Royal Navy officer (1756–1831)

Admiral William Carnegie, 7th Earl of Northesk, (10 April 1756 – 28 May 1831) was a Royal Navy officer who served in the American Revolutionary War and French Revolutionary and Napoleonic Wars. While in command of HMS Monmouth he was caught in the Nore Mutiny of 1797 and was the officer selected to relay the demands of the mutineers to George III. He most notably served as third-in-command of the Mediterranean Fleet at the Battle of Trafalgar in HMS Britannia. He later became Rear-Admiral of the United Kingdom and Commander-in-Chief, Plymouth.

==Naval career==
=== Early career ===
Carnegie was born in Hampshire on 10 April 1756 as the second son of Admiral George Carnegie, 6th Earl of Northesk and his wife Lady Anne Leslie, eldest daughter of Alexander Leslie, 5th Earl of Leven. (Note: It is also claimed that he was born at Leven Lodge, a residence of his uncle David Leslie, 6th Earl of Leven, near Edinburgh.)

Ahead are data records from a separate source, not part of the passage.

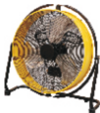
DF 20 P
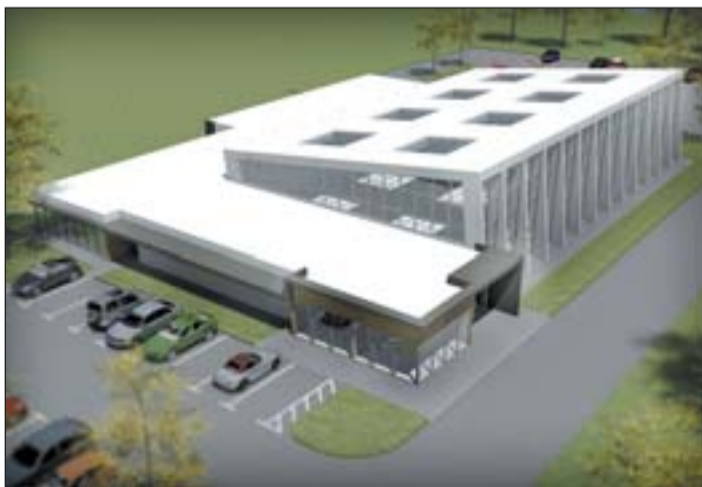
A létesítendő új oktatási komplexum látványterve.

valósítja meg a TOP-programból, melynek engedélyes kivitelei tervei már rendelkezésre állnak. A 21. századi infrastruktúrájú új képzőközpont az egyetem területén kap helyet, a Ganz-Munkácsy Szakgimnázium és Szakközépiskola szomszédságában, miután tanulóink zöme innét kerül ki. Természe-
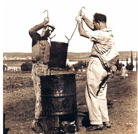
קו המים כפר יהושע 1939-1960
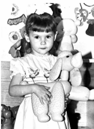
Лучшие друзья. Детсад, 1992 год

12. Качества, которые Вы больше всего цените в мужчинах и женщинах. Порядочность.
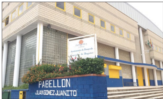
La entrada al pabellón "Juanito" para presenciar este evento es gratuita.

Tendrá lugar mañana sábado y el domingo en las instalaciones del pabellón Juan Gómez "Juanito", en horario de 09.00 a 18.00 horas
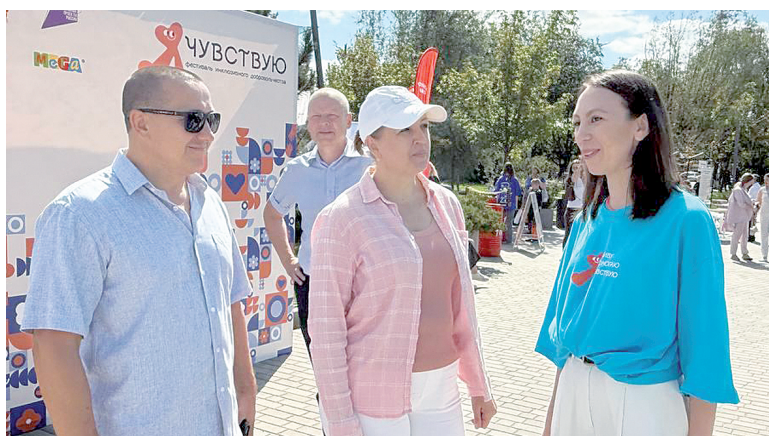
Е.А. Клёсов, О.Н. Пушкина, А.Р. Литвиненко.

На входе в парк мы заметили очень увлеченных девушек, которые занимались подготовкой своей локации к мастер-классам. Это были
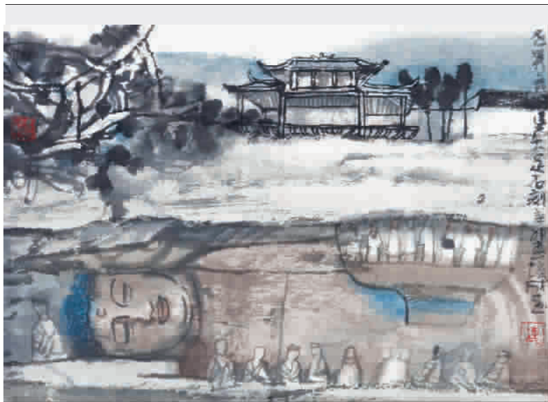
唐宋明月照雾都,摩崖石刻佛为主。 宝顶北山四海闻,大足走通五洲路。 《大足石刻》张培成
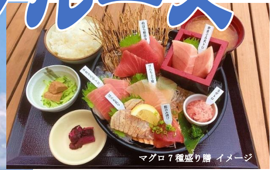
マグロ7種盛り膳 イメージ
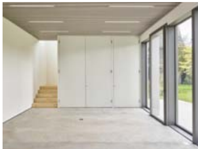
... widmertheodoridis in Eschlikon

Carnegie entered the Royal Navy in 1771 on board the third-rate HMS Albion. Subsequently he served on the frigate HMS Southampton in home waters, where he assisted in transporting the Queen of Denmark across the English Channel, and in the post ship HMS Squirrel, in which he sailed for Jamaica in 1774 while still a midshipman. In early 1777 he was made an acting lieutenant in HMS Nonsuch before being confirmed as a lieutenant on 7 December in HMS Apollo on the North American Station. Carnegie served on Apollo for just under two years before joining the flagship of Rear-Admiral Sir John Lockhart-Ross, the ship of the line HMS Royal George. In Royal George he joined the fleet of Admiral Sir George Rodney sent to relieve the siege of Gibraltar. On their way towards Gibraltar the fleet fought the action of 8 January 1780, where they captured a large Spanish convoy. Carnegie subsequently participated in the Battle of Cape St. Vincent on 16 January which cleared the way for the British fleet, allowing them to successfully reach Gibraltar on 25 January.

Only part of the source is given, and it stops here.